→ Supplied data:
* * * *
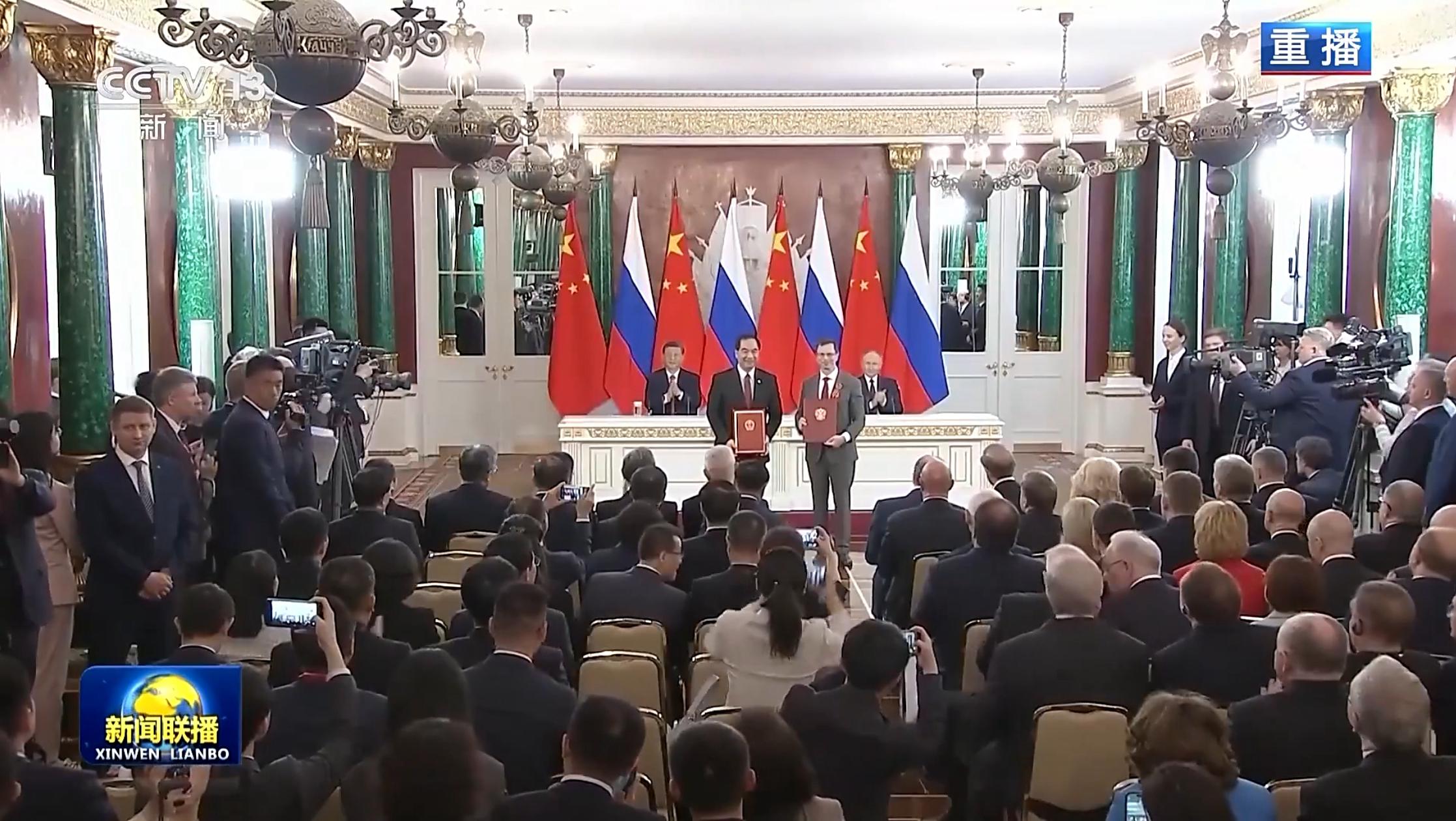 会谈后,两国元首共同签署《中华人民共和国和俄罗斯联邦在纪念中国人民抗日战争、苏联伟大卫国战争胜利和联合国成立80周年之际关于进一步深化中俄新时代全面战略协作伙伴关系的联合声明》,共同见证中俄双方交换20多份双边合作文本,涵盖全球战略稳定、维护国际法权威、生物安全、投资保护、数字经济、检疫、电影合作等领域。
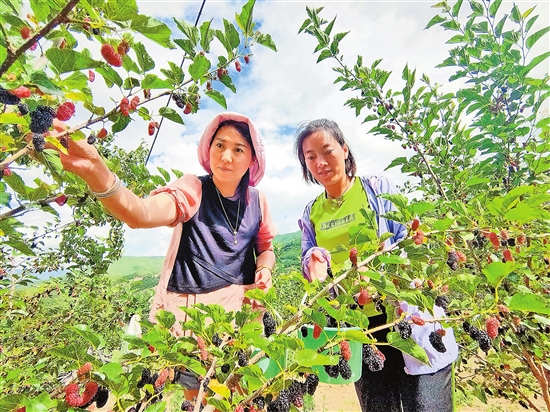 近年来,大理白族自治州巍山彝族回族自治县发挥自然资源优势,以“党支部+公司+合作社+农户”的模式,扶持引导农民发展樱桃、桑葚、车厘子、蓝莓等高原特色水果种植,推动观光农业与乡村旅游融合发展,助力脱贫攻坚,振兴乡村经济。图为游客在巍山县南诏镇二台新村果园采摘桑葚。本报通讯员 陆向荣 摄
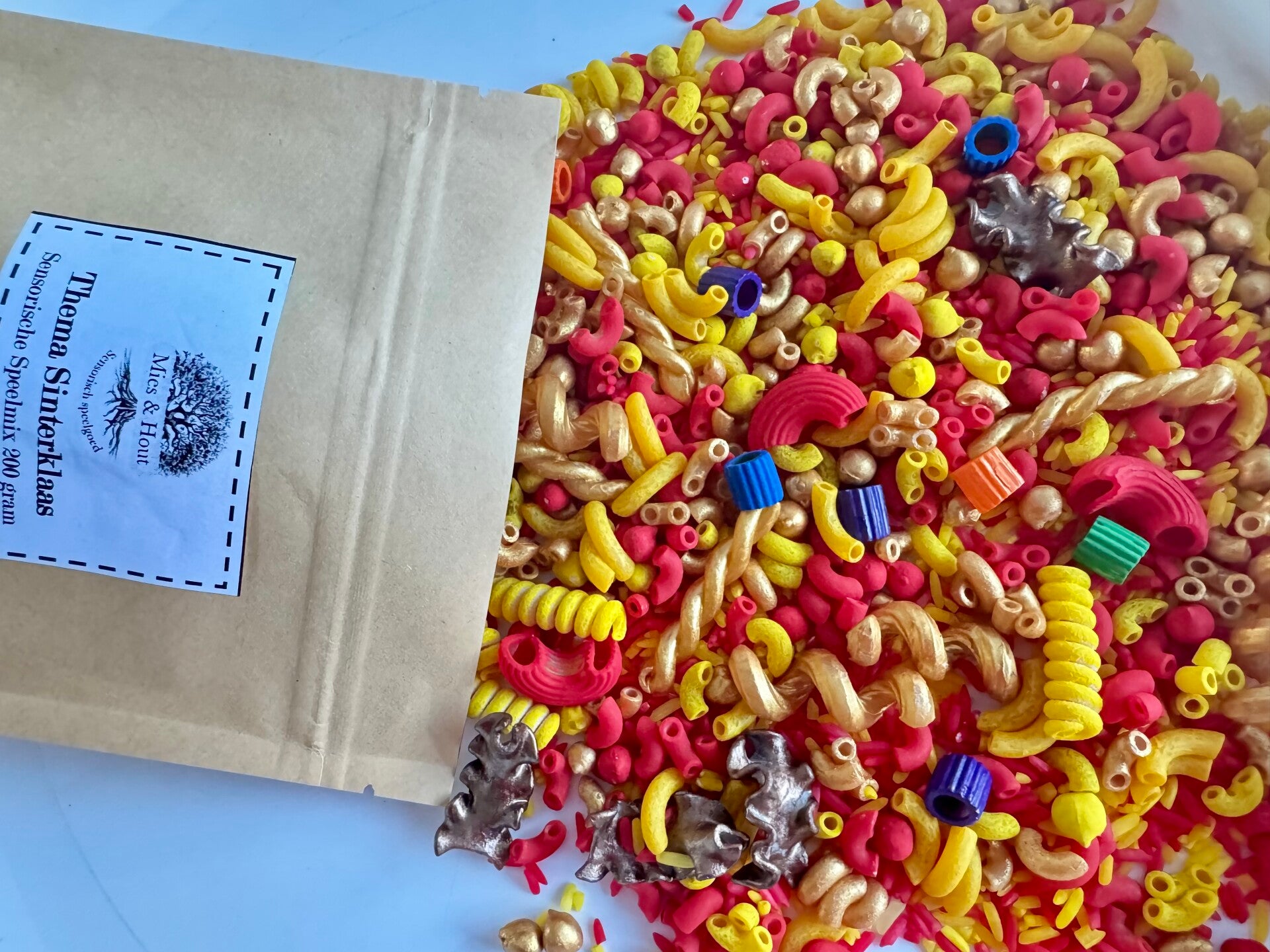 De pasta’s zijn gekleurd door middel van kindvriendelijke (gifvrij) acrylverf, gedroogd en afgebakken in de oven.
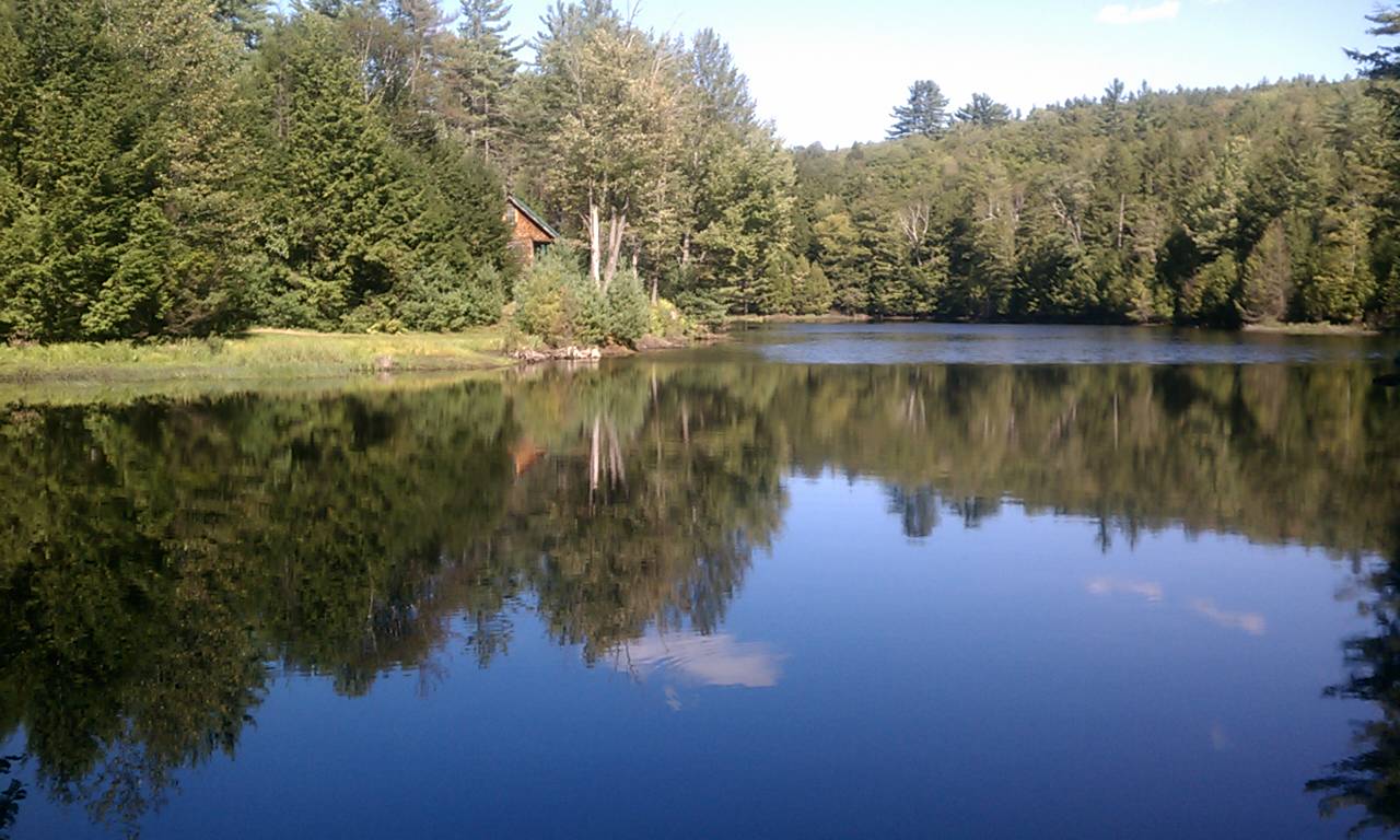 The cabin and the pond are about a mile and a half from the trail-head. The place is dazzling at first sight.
* * * *
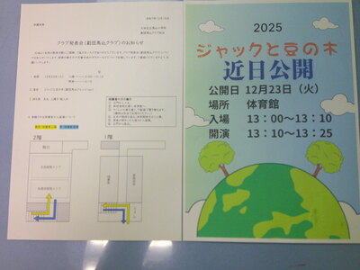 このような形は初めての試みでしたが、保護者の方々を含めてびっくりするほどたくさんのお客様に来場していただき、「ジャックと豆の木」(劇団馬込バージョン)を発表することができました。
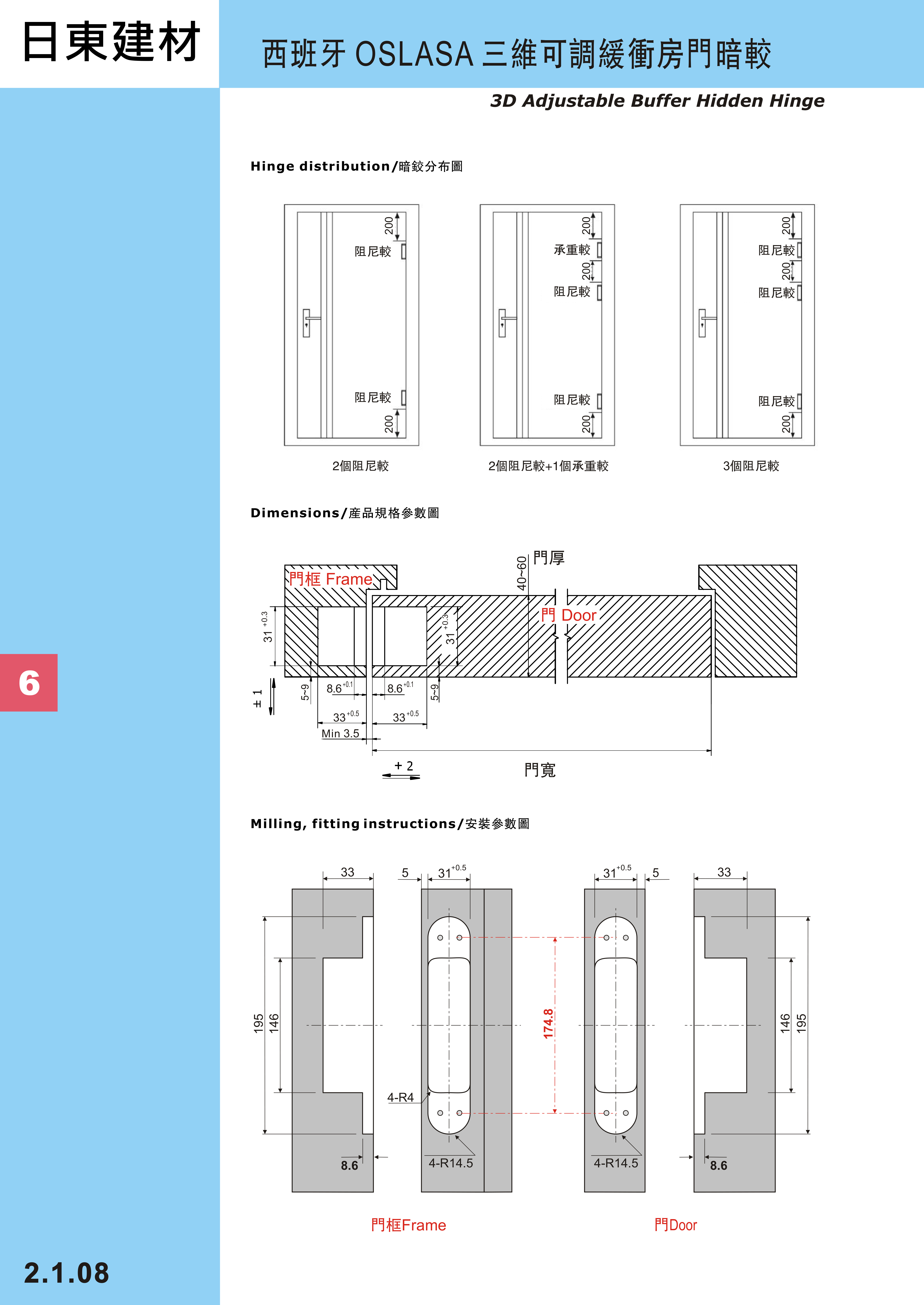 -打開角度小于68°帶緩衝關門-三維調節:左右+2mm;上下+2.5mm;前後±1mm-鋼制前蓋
* * * *
→ Problem details: What you return must match the lines above from the one with "このような形は初めての試みで" through the one with "-打開角度小于68°帶緩衝關" exactly, with both ends included and the pictures excluded.

→ Task solution:
 このような形は初めての試みでしたが、保護者の方々を含めてびっくりするほどたくさんのお客様に来場していただき、「ジャックと豆の木」(劇団馬込バージョン)を発表することができました。
 -打開角度小于68°帶緩衝關門-三維調節:左右+2mm;上下+2.5mm;前後±1mm-鋼制前蓋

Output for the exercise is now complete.